In stochastic, use only one or a subset of training sample to calculate loss.
Mean Square Error (MSE) for evaluating regression models
Measures how close a regression line is to a set of data points
Root Mean Squared Error for evaluating regression models
Shows how far predictions fall from measured true values
Bias
Error introduced by approximating the true underlying function, which can be quite complex, by a simpler model
Low Bias
Fewer assumptions are taken to build the target function. So the model will closely match the training dataset
High Bias
More assumptions are taken to build the target function. Model will not match the training dataset closely. So underfitting occurs
Ways to reduce high bias
- Use a more complex model: model too simple
- Increase the number of features: make more complex
- Reduce regularization of the model: since regularization decreases/prevents overfitting which is not what you want here since high bias causes underfitting.

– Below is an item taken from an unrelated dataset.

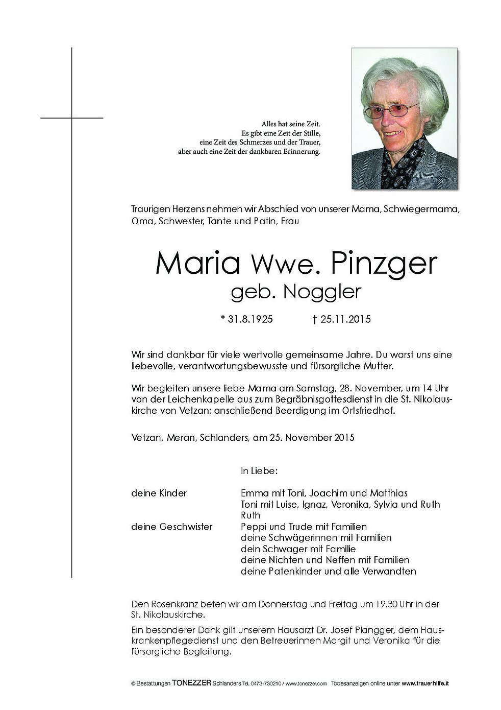 Maria Wwe. Pinzger geb. Noggler
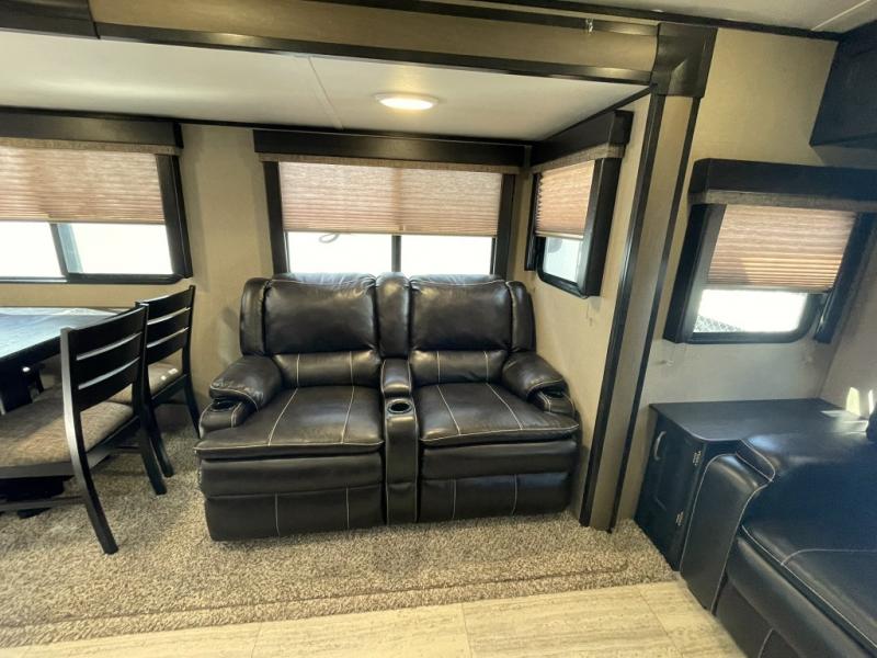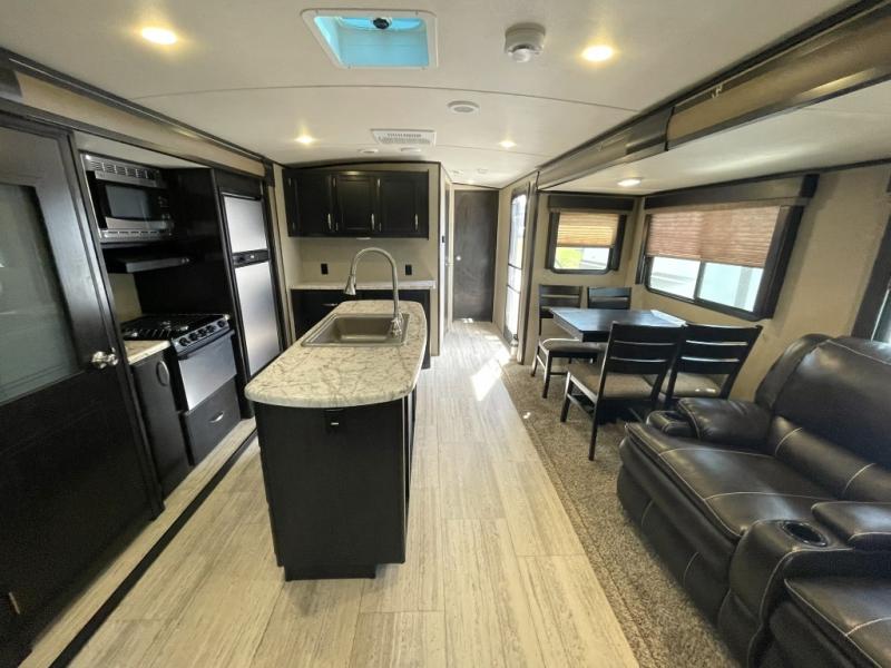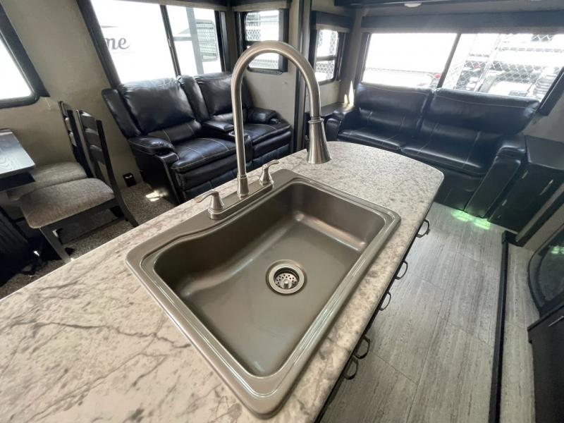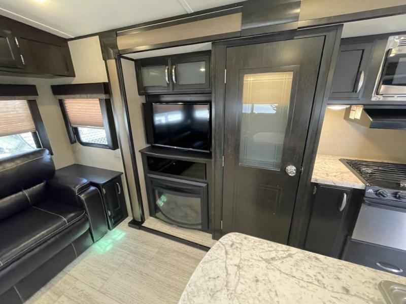 Step inside and immediately feel the open, airy design of this smartly laid-out travel trailer. The rear tri-fold sofa offers extra seating and converts into a bed for guests, while the theater seating with cup holders provides the perfect spot to relax and watch your favorite movie on the 40" LED TV with a cozy fireplace below.

- Increase the size of the training data: provides the model with more examples to learn from the dataset
Mean Absolute Error (MAE) for evaluating regression models
Measures of the average size of the mistakes in a collection of predictions w/out taking their direction into account
Coefficient of determination (R^2)
Measures how well a statistical model predicts an outcome (from 0 to 1)
Variance
It tells us how much a random variable is different from its expected value as you move from one training set to another. Shows how the performance of a model changes when trained on different subsets of training data
What is overfitting?
Increased model complexity and so low bias and high variance.
So model does well on training set but can’t generalize to test set
Underfitting
Simpler model. So high bias and low variance.
Role of training set
Used to fit the model: train the model with data
Role of validation set
Provide unbiased evaluation of a model while fine tuning hyperparameters.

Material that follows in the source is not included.